Back from first trip home in three years, Kane making strides on/off court


CHAMPAIGN (WCIA) — A trip home when you haven’t been back in awhile can be a game changer. A chance to refresh, recharge and refocus, home cooked meals never hurt either, and that’s exactly what Illinois sophomore center Samba Kane did last month. He hadn’t been back to his native Senegal in three years.

“I was happy, just being around my friends,” Kane said. “We used to go to practice together and do everything together. When I get back they still have the same mentality, being nice with me, like I never left and it felt great.”

And it’s that time spent a half a world away that has Kane still smiling today. He was in Africa for a month, leaving after the semester ended in May.

“It helped me mentally because when I went home and saw the situation and people don’t have a really good situation, like living situation,” he said. “When I walk on the street, people come up to me and say, ‘We saw your video on YouTube and we’re cheering for you.'”

Samba repped the Orange and Blue on the courts in Dakar while getting a few workouts in. Those were tougher with Ramadan going on. Kane is a Muslim, meaning he fasted from sunrise to sunset for the month.

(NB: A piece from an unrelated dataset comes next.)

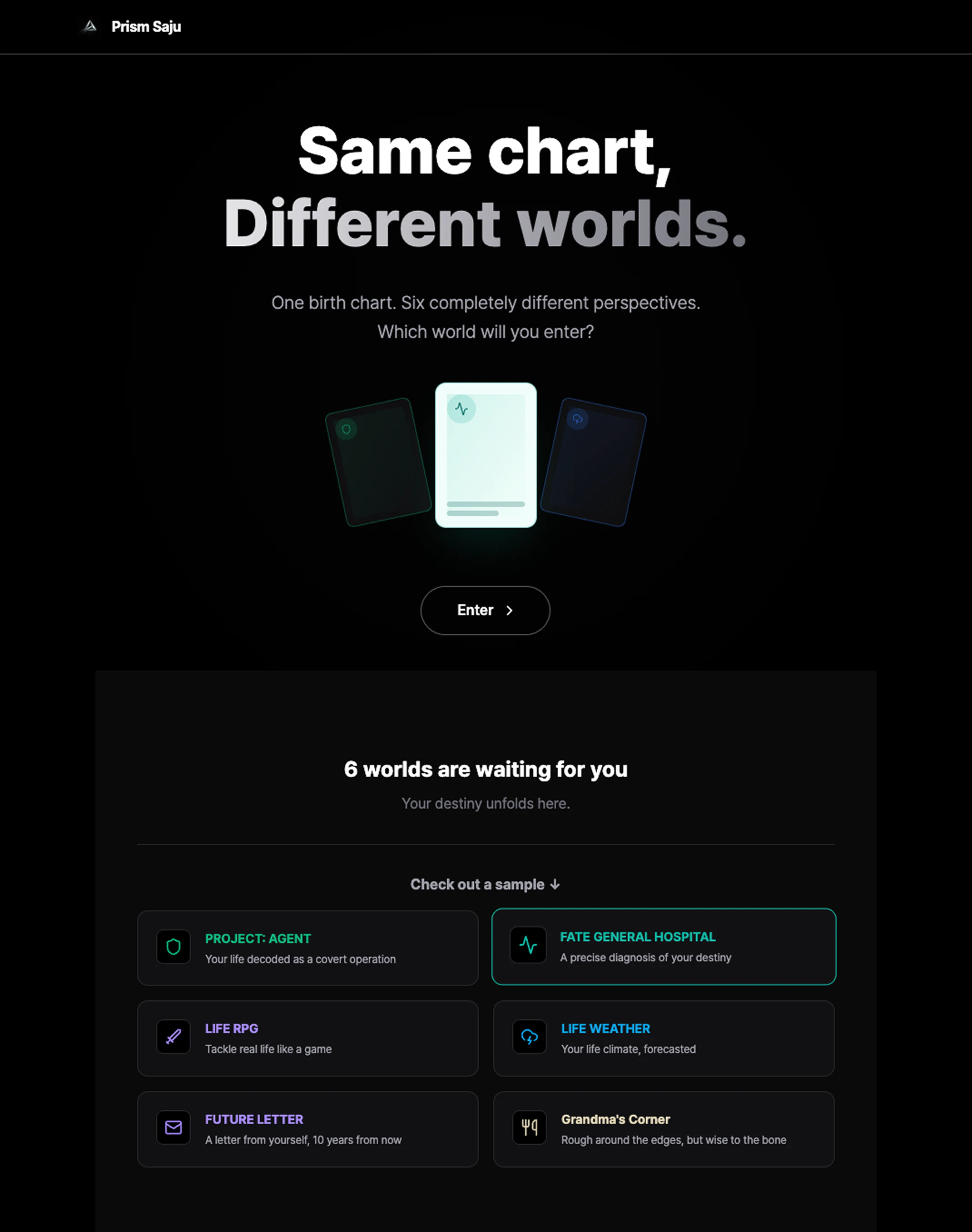 Prism Saju is a playful reinterpretation of Korean astrology (Saju), which analyzes personality and life patterns based on birth date and time. Instead of providing a single fixed reading, it expresses your destiny across multiple different story worlds. Same data, different narratives — each world reveals a different perspective of your personality, like seeing alternate versions of yourself.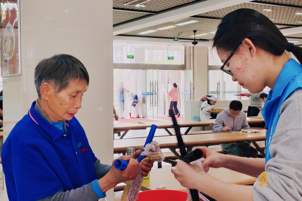 “虽然这次的工作只是帮助食堂工作者收餐盘碗筷,但是想到能给大爷大妈们带来帮助,听到同学们一声声简单的‘谢谢’时,我的心里充满了幸福感和成就感。因帮助他人而获得的快乐,不仅让我的内心更充实,还鼓舞着我日行一善、助人为乐,有一分热,发一分光。”志愿者崔瑞轩说道。

“It’s hard but when you’re home it’s different because you’re doing it with your family and friends so it’s a lot easier than when I’m here (Champaign),” Kane added.

Samba ended up losing 10 pounds, weight he’s currently trying to gain back reach his goal of 230. Now if he could only get those home cooked meals from mom sent to campus.

“She’s proud,” Kane said. “You know every time she goes out she’s like, ‘Can you please come with me?’ or like, ‘Go on a walk with me,’ and I’m like, ‘Sure, mom.’ She’s really proud of me, I can tell.”

With mom’s blessing, Kane’s spending the summer at Ubben, his first off-season after getting to Champaign late last year and missing crucial time with strength and conditioning coach Adam Fletcher. The 7-foot center is specifically focusing on his touch around the basket, rebounding and blocking shots.

“I feel like that time away from here and going back home was really good for him,” fellow Illini sophomore Tevian Jones said. “He’s also been stepping up his game on the court and making the right play, dunks and finishing.”

“We’ve seen a rejuvenated, excited Samba,” Illinois head coach Brad Underwood said. “He’s attacking the weight room and following along with Giorgi (Bezhanishvili) and that work habit mode.”

Kane knows there’s still a long way to go and a lot of work to put in after averaging just 1.5 points in 18 games last season. But several flashes, including a turnaround jumper against Minnesota, showed Illini Nation a glimpse of what could be.

“I know what’s waiting for me and I have to really work harder and get better,” Kane said.